Structural properties of silicon dioxide thin films densified by medium-energy particles
Abstract
Classical molecular-dynamics simulations have been carried out to investigate densification mechanisms in silicon dioxide thin films deposited on an amorphous silica surface, according to a simplified ion-beam assisted deposition (IBAD) scenario. We compare the structures resulting from the deposition of near-thermal (1 eV) SiO2 particles to those obtained with increasing fraction of 30 eV SiO2 particles. Our results show that there is an energy interval - between 12 and 15 eV per condensing SiO2 unit on average - for which the growth leads to a dense, low-stress amorphous structure, in satisfactory agreement with the results of low-energy ion-beam experiments.
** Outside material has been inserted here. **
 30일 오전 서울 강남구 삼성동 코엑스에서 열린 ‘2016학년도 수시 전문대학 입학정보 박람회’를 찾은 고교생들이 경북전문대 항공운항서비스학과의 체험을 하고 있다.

We also find that the crossover between low- and high-density films is associated with a tensile to compressive stress transition, and a simultaneous healing of structural defects of the a-SiO2 network, namely three- and four-fold rings. It is observed, finally, that densification proceeds through significant changes at intermediate length scales (4--10 ), leaving essentially unchanged the ``building blocks'' of the network, viz. the Si(O1/2)4 tetrahedra. This latter result is in qualitative agreement with the mechanism proposed to explain the irreversible densification of amorphous silica recovered from high pressures ( 15--20 GPa).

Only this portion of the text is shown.